Receptor ubiquitination has also emerged as a key endocytic signal for numerous eukaryotic cell surface receptors (reviewed in Refs. 5–8). For several receptors (such as epidermal growth factor receptor, growth hormone receptor, interferon receptor chain 1 (IFNAR1)), ubiquitination is stimulated by the ligand. This stimulation is mediated by the ligand-induced transduction of a signal initiated by a kinase activity that is either intrinsic to the receptor itself (as for epidermal growth factor receptor (9)) or provided by a receptor-associated kinase (as for growth hormone receptor and IFNAR1 (10, 11)). Ligand-induced ubiquitination of the receptor promotes its interaction with clathrin and stimulates internalization of receptor.

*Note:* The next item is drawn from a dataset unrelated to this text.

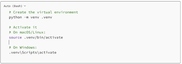You'll know it's active when you see (.venv) at the start of your terminal prompt.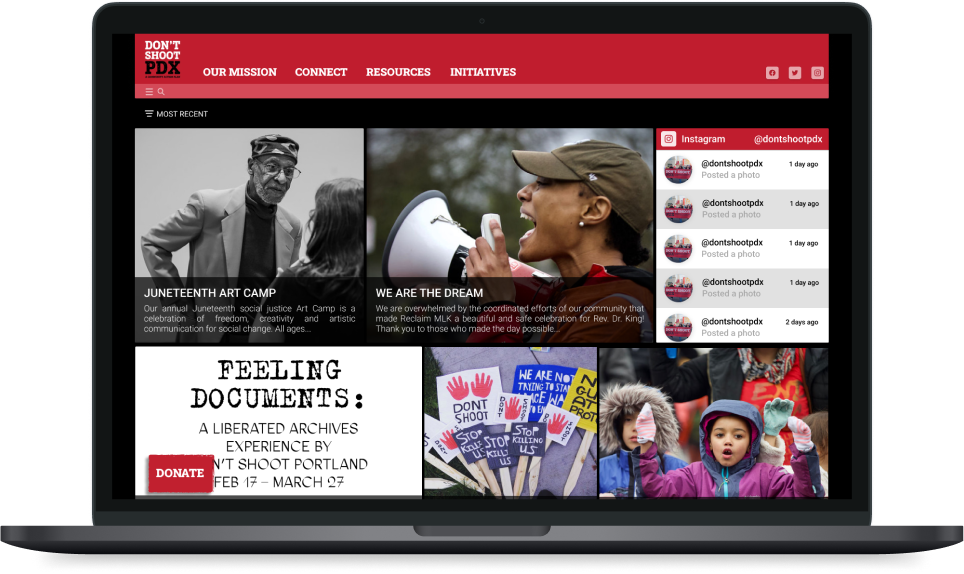 For this project we asked: How might we help Don’t Shoot PDX amplify and clarify their messaging in ways that replicate familiar modalities, ultimately helping to inspire confidence in and motivate users to participate in change-based missions?

Furthermore, ubiquitination plays an important role in post-internalization sorting of cargo receptors to the late endosomes and in subsequent lysosomal degradation (reviewed in Refs. 12–14).

We have recently found that ligand-stimulated site-specific ubiquitination of IFNAR1 promotes IFNAR1 internalization and is required for interaction of the Tyr-466-based linear endocytic motif within IFNAR1 with AP2, which is essential for efficient IFNAR1 endocytosis (15). Based on this evidence, we hypothesized that ubiquitination of IFNAR1 may expose the Tyr-based endocytic motif and allow for its interaction with the components of AP2 (e.g. AP50). This hypothesis also implies that in the absence of ubiquitination, the Tyr-466-based motif is masked either by an intramolecular folding of the IFNAR1 cytoplasmic tail or by a putative IFNAR1-interacting protein. Under these scenarios, ligand-induced ubiquitination of IFNAR1 would either alter the conformation of the intracellular tail or displace the interacting protein to expose the Tyr-466-based motif to AP50.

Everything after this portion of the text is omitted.